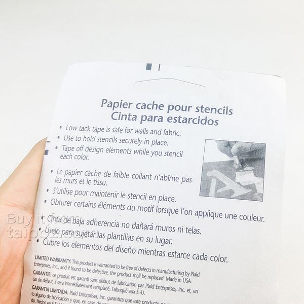 • Băng keo giấy chuyên dùng dán miếng stencil. Keo dễ lột và không làm hỏng phần màu đã vẽ bên dưới.
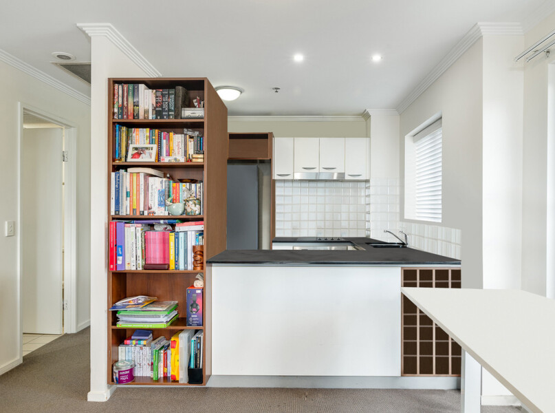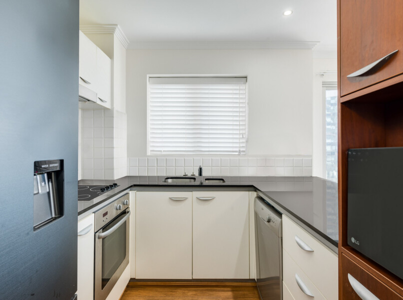The apartment’s modern aesthetic is highlighted by the sleek fitout. The kitchen exudes sophistication with its dark stone countertops and warm timber tones, creating a space that’s not only functional but also a design statement in itself. Imagine preparing gourmet meals or casual brunches in this stylish culinary haven.
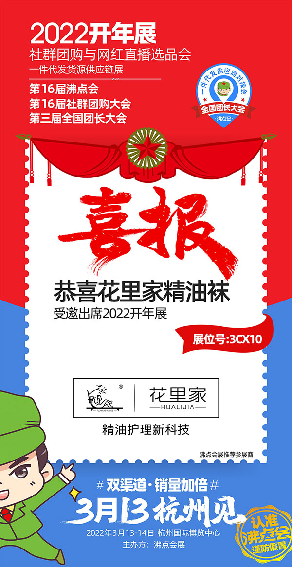 2022年3月13-14日,在杭州國際博覽中心隆重舉辦的2022杭州團長大會分為3大館,6大展區(qū),目前正在進行展位招募,參展商和平臺方都在踴躍報名中,如此盛典,杭州藝群科技有限公司旗下產(chǎn)品“花里家精油襪”受邀參展本次展會。
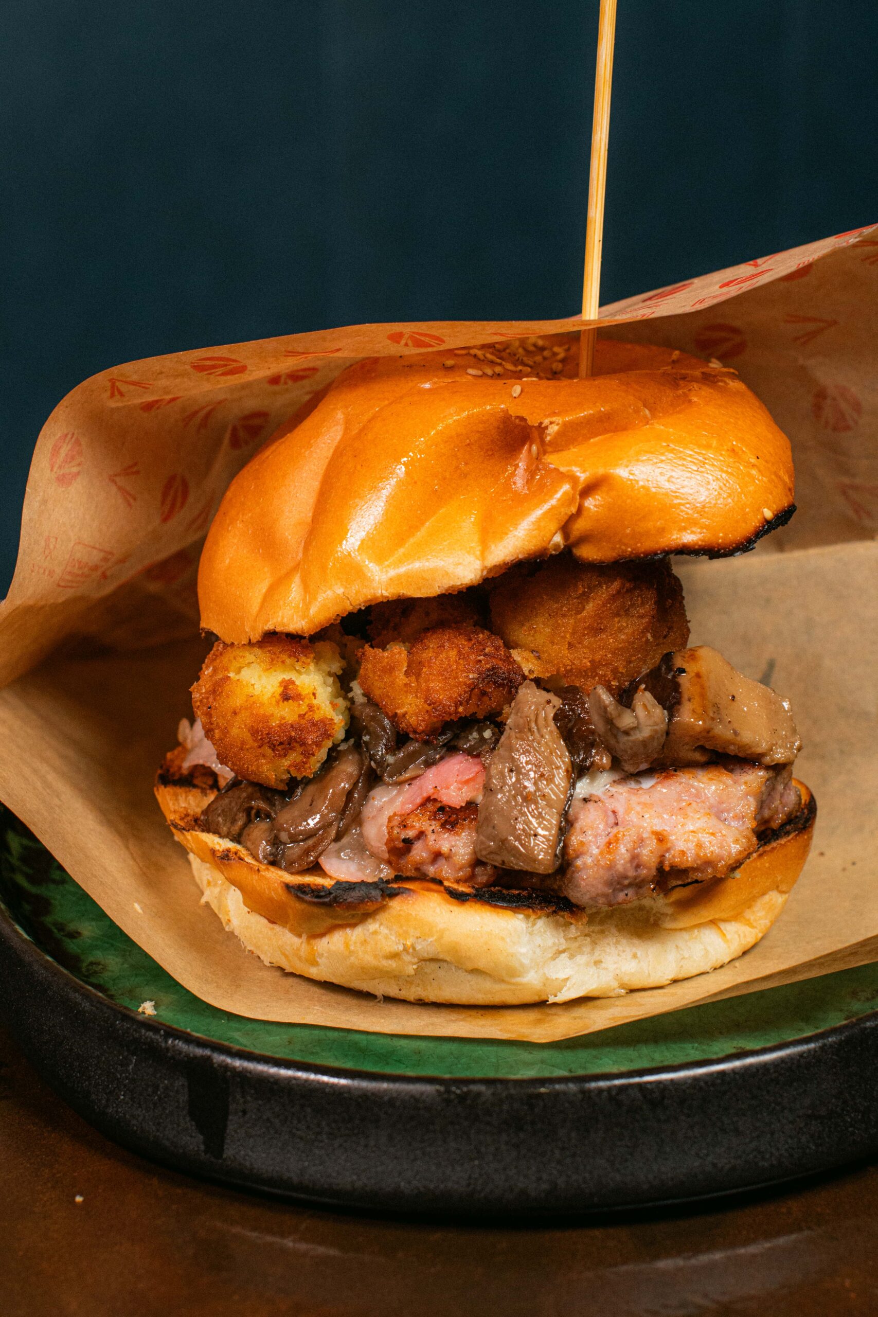 BURGER DI SCOTTONA, CHEDDAR, BACON, CROCCHÈ DI PATATE E FONDUTA DI CACIOCAVALLO

++++++

Copy out exactly, without any pictures, the lines above that begin at the one with "The apartment’s modern" and end at the last line of the listing.

The apartment’s modern aesthetic is highlighted by the sleek fitout. The kitchen exudes sophistication with its dark stone countertops and warm timber tones, creating a space that’s not only functional but also a design statement in itself. Imagine preparing gourmet meals or casual brunches in this stylish culinary haven.
 2022年3月13-14日,在杭州國際博覽中心隆重舉辦的2022杭州團長大會分為3大館,6大展區(qū),目前正在進行展位招募,參展商和平臺方都在踴躍報名中,如此盛典,杭州藝群科技有限公司旗下產(chǎn)品“花里家精油襪”受邀參展本次展會。
 BURGER DI SCOTTONA, CHEDDAR, BACON, CROCCHÈ DI PATATE E FONDUTA DI CACIOCAVALLO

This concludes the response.